Why getting treatment at Zimbabwe Hospitals is a Death Sentence

The Zimbabwe government’s investment in the health sector has been inadequate and the country has generally depended on donor support and direct budget support to run the public health institutions.

The health sector has as a result failed to provide adequate services to the people especially those do not have medical insurance. The crisis in the health sector is dramatised by these six horror facts about the state of the health sector.

1. No medical aid

medical iad zimbabwe

MORE than 11 million Zimbabweans, representing 90% of the population have no access to medical aid. The country has no national health insurance system despite promises by the government to, come up with Health Insurance Scheme.

2. $20/person annually

twenty dollars

This year, the government has allocated $301 million to the health sector for a country of 13,5 million. This is to say that the government intends to spend on average just over $22 on an individual this year. Compare this with $650 for South Africa, $90 Botswana, $390 Botswana and $200 Angola.

3. Crib deaths


The country’s infant mortality rate: at 57/1,000 live births is one of the highest in the world. Infant mortality rate is the number of infants dying before reaching one year of age. The Zimbabwe Demographic Survey results released last year shows that 84 children out of a 1000 under are likely to die before they reach the age of five.

4 .Maternal mortality rate: 960/100,000 live birth

About 1000 women out of 100 000 die during giving birth. The major causes of maternal mortality are bacterial infection, uterine rupture (scar from a previous caesarean section tearing during an attempt at birth), renal and cardiac failure as well as hyperemesis gravidarum (condition characterised by severe nausea, vomiting and weight loss during pregnancy).

At Independence in 1980, the country had a low maternal mortality rate of just 90 per 100 000 live births. However, in 1994 the gains in the health sector plummeted to 253 per 100 000 live births. As if this was not enough, a more frightening situation was still to come.

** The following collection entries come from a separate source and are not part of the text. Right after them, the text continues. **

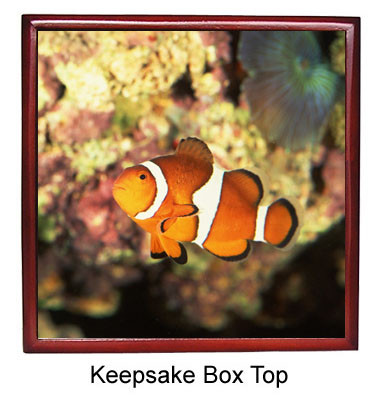 This felt lined wooden Keepsake Box gives animal lovers an excellent way to store their jewelry, personal items and favorite things. The Mahagony box features a 6 inch Clownfish decorated ceramic tile in a hinged top. Great as a Gift! Actual box dimensions are 6.75 x 6.75 inches x 2.75 inches deep. Inside area is 5 7/8 x 5 7/8 x 1 1/2 inches deep.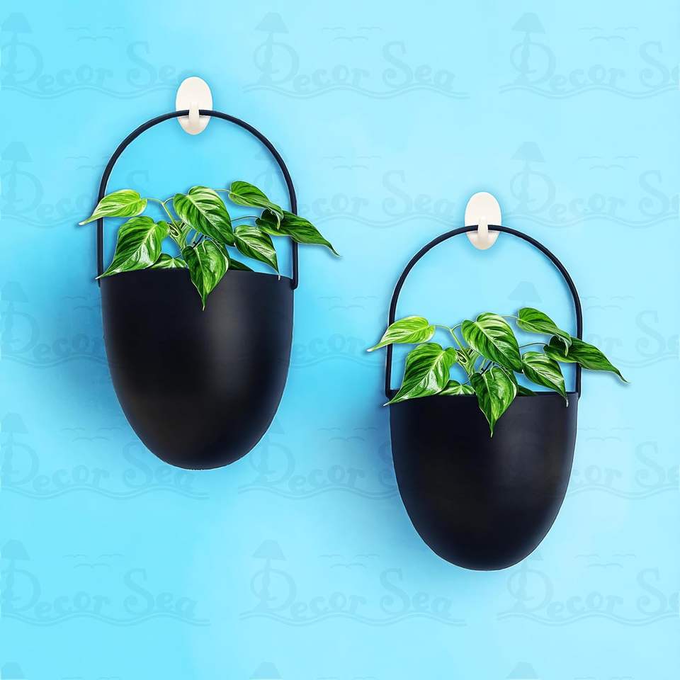 Elegant Design Metal Mini Planter Pots With Golden Color Stand Blue Enameled Printed Design for House Balcony Decoration Pots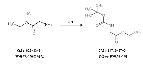 1.通過(guò)甘氨酸乙酯鹽酸鹽合成N-Boc-甘氨酸乙酯,收率約99%;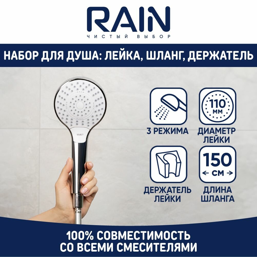 Набор для душа RAIN, лейка 110мм, 3 режима, держатель, шланг ПВХ 150см, антитвист интересное: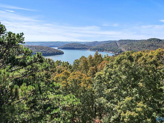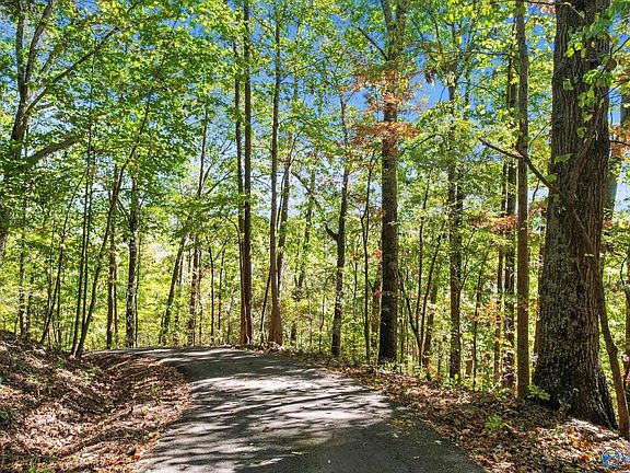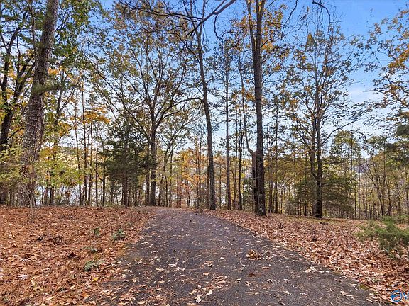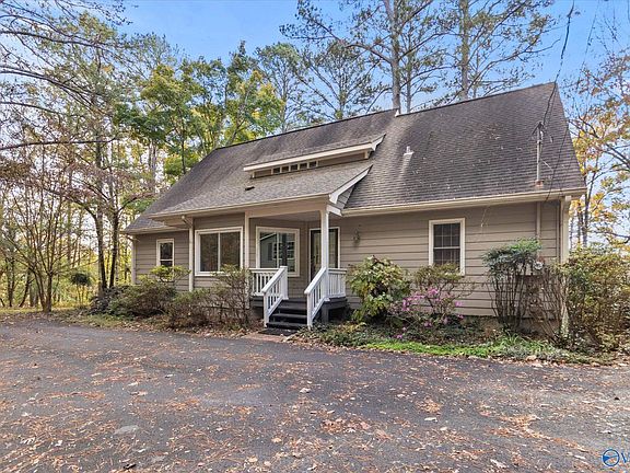 Nestled on a hillside in the woods, with a wonderful water view when the trees drop most of their leaves, you will fall in love with this delightful and comfortable home with a super location. It's just uphill from Lake Guntersville, if fishing or boating are your thing and if you want to shop or indulge in fine food, an easy commute to Huntsville. It has 3 bedrooms, 2 1/2 baths, with a very appealing entryway and generous spaces.The primary bedroom and bath are on the first floor. The kitchen is oversized and brightened by a wealth of windows with plenty of room for a kitchen table. Washer and dryer remain. There's a detached 2-car garage, with usable space upstairs.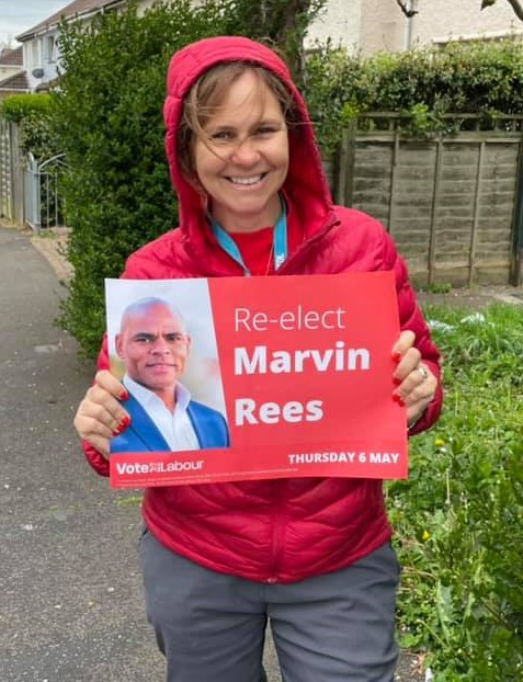 Helen Godwin campaigning to re-elect Marvin Rees as Bristol mayor in May – photo: Helen Godwin / Facebook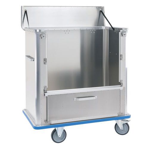 Carro contenedor de aluminio para uso universal. Higiénico, inodoro e inoxidable. Uso sencillo y ergonómico, incluso con una carga máxima. Superficie lisa y paredes no nervadas para una limpieza sencilla. Pared abatible que se mantiene abierta gracias a dos imanes. Tapa con bisagras, 2 correas de sujeción y 2 cierres de palanca. Fondo inclinado con 2 orificios de evacuación, ambos con válvula de evacuación, tapón y cadena. Fondo estanco con silicona. Asas anodizadas en las dos paredes frontales.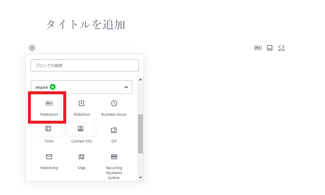 マークダウンはジェットパックの中に入っています。

5 . Just.1.6 Doctors per 10,000 people

Zimbabwe has suffered immensely from a brain drain of doctors. There are now 1,6 doctors for every 10 000 people. Most government rural health centres are manned by two doctors who have to perform multiple tasks. Linked to this, there are just seven nurses and trained midwives for every 10 000 people in the country.

The paucity of medical staff is also reflected in the number of specialist doctors. The country has four neurosugeons, two heart surgeons, three dermatologists and one venereologist according to data is Zanu PF’s 2013 election manifesto..

6 Donor-funded medicines


Due to poor funding of the health sector, 98% of drugs used in public health centres are funded by donors. The donor community has also equipped a number of rural health centres such that Zimbabwe now has the uncanny distinction of patients shunning main referral hospitals to be treated in rural hospitals.